AN ALTERNATIVE SOLUTION:
If you know that your signal is supposed to contain a certain number of dominant frequencies (not too many) and these are the only ones your are interesting in, then I would recommend that you use Pisarenko's harmonic decomposition (PHD) or Multiple signal classification (MUSIC, nice abbreviation!) to find these frequencies (and their corresponding amplitude values). This is less intensive computationally than the DFT. For example. if you KNOW the signal contains 3 dominant frequencies, Pisarenko will return the frequency values for these three, but keep in mind that the DFT reveals much more information, allowing you come to more conclusions.
Your initial assumption is incorrect. An FFT/DFT will not give you amplitudes only at certain discrete frequencies.
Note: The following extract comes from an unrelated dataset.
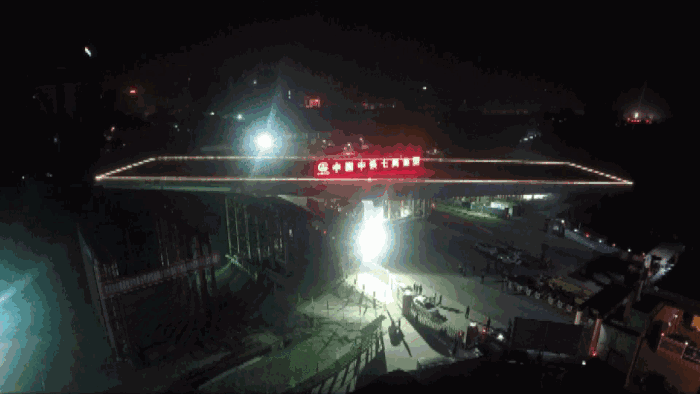 10月27日零点40分,这一路段交通中断,转体开始:长119.35米、重3350吨的钢箱梁,顺时针旋转100度,与高架主体完成精准对接。凌晨2点30分,交通恢复。到第二天下午,相邻一段桥体的顶推工程也顺利完成。

Those discrete frequencies are only the centers of bins, each bin constituting a narrow-band filter with a main lobe of non-zero bandwidth, roughly a width or two of the FFT bin separation, depending on the window (rectangular, von Hann, etc.) applied before the FFT. Thus the amplitude of spectral content between bin centers will show up, but spread across multiple FFT result bins.
If the separation of key signals is large enough and the noise level is low enough, then you can interpolate the FFT results to examine frequencies between bin centers. You may need to use a high quality interpolator, such as a Sinc kernel.
If your signal separation is smaller or the noise level is higher, then you may need a longer window of data to feed a longer FFT to gather sufficient resolution information. An FFT window of length 256 at 44.1k sample rate is almost certainly just too short to gather sufficient information regarding spectral content below a few 100 Hz, if those are among the frequencies you would like to see examined, as they can't be separated cleanly from a DC bias (bin 0).
Unfortunately, there's a degree of uncertainty in identifying the frequencies in a fixed sample of a signal. If you use a short FFT, then there's no way to tell the difference between frequencies over a fairly wide range. If you use a long FFT to get higher resolution in the frequency domain, then you can't detect frequency changes as quickly. This is inherent in the math.
Off the top of my head: If you want a 15kHz range at 1Hz increments, you need a 15000 point FFT, which at 44.1kHz means you'll get a frequency plot three times per second. (I may be missing a factor of 2 in there as I can't recall whether the Nyquist limit means you actually want a 30kHz bandwidth.)
You may also be interested in the Short-time Fourier transform. It doesn't solve the fundamental trade-off problem but in practice may get you what you want.